A navy tank top covered his torso, leaving his arms and shoulders bare. Sweat gleamed over lean muscles. He rolled up to a sitting position and stood. Gray sweatpants hugged his hips. His hair was pulled back into a low ponytail and a few strands were loose around his face.
Oh, man. This was going to be torture. He refused to kiss me last night and now he was parading around in gray sweatpants?
His head came up and those gorgeous green eyes focused on me. A tremor originated from my belly, and I tried to hide it by lifting my coffee cup to my lips again.
He twisted his wrist, tapped the screen of his smart watch, and the music cut off abruptly.
“Morning,” he said. “How’d you sleep?”
Were we really going to do this? Pretend like nothing happened last night?
“Fine,” I lied after I lowered my mug. “You?”
“Like shit.”
I shrugged but remained silent. He had no one to blame for that but himself. No way in hell was I going to apologize for it.
“Feel like working out?” he asked, heading back to the weight bench he’d left a few moments before.
My mouth went dry when he bent over to add more plates to the bar.
I realized he’d just asked me a question. “No, thanks.”
He finished adding the plates and slid his body on to the weight bench beneath the bar. He placed his hands on the bar and lifted it. I wasn’t sure how much weight he was lifting, but it looked like a lot. I remembered the coffee in my hand and drank some because my mouth wanted to hang open at the sight of his muscles shifting and bunching beneath his skin.
I needed to get out of here before I did something ridiculous. At the same time, I was aggravated that he was acting as though nothing had happened last night. That the moment between us was nothing. That I was nothing.
He finished his bench presses and sat up, snagging a white towel off the floor. As he swiped it across his face, he asked, “Did you need something else?”
His tone was so aloof, so distant, that something within me snapped. It just broke.
I marched over to the weight bench and looked down at him. His expression barely changed, but I had a feeling I surprised him.

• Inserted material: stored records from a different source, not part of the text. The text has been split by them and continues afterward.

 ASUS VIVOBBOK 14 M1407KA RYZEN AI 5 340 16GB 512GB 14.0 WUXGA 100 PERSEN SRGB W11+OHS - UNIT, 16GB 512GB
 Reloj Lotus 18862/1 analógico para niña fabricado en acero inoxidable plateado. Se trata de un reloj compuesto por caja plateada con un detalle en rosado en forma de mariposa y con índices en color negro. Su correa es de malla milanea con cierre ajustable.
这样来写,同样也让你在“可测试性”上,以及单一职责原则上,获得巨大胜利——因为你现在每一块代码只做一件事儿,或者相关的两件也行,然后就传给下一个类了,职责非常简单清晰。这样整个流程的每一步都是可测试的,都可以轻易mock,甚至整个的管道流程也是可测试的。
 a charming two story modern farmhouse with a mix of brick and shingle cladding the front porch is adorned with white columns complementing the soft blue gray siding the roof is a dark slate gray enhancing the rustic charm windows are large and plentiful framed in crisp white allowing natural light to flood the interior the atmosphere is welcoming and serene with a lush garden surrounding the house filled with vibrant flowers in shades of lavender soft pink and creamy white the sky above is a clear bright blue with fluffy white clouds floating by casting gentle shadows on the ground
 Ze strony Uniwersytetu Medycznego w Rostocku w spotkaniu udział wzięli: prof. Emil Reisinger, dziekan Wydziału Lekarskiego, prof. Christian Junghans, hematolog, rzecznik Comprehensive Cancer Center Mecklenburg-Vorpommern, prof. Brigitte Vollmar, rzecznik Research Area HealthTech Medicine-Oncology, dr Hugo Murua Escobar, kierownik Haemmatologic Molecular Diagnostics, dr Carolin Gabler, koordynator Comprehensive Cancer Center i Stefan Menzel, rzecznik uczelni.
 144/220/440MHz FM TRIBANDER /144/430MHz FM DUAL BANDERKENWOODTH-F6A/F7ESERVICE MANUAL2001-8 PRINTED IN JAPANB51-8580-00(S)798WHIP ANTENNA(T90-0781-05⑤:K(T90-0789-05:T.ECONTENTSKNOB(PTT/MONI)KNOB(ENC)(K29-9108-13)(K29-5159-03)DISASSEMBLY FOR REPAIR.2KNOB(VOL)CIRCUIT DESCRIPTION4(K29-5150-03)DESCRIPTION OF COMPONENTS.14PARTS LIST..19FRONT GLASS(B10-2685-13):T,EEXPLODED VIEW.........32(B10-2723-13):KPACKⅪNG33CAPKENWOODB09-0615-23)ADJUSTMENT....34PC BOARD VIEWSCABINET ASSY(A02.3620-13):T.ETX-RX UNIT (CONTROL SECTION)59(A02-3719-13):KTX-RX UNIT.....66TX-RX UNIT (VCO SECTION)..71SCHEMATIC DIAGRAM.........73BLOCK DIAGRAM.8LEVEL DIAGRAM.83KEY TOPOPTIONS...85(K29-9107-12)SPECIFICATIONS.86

“Why are you acting like an iceberg today?” I asked, straight out.
Since I’d met Daniel, my filter had disappeared. While I wished I had the ability to just state what I was thinking to everyone I dealt with, it seemed to be just him that brought it out in me.
He stared back at me, his face looking as though it were made of stone.
“I don’t know what you’re talking about.”
“That’s a load of bull,” I shot back. “You’re freaking out about last night and you’re taking it out on me!”
“Nothing happened last night,” he argued, getting to his feet.
The air around us compressed. He seemed closer while he was standing but I would be damned if I would back down.
“Yeah, because you chickened out.”
“No, I made the right choice.”
“So, I get no say in this?” I asked. “You get to decide what Bethany would approve of or not?”
He opened his mouth, and I lifted a finger to point at him.
“She was my great aunt, and I don’t care how long you knew her, you didn’t know her as well as I did! She was always asking me about my love life and lamenting the fact that I barely took time to date or meet men. She’d be ecstatic that I was interested in you.”
He tried to say something else, so I used that same finger to poke him in the chest, which made his eyes fire and begin to glow.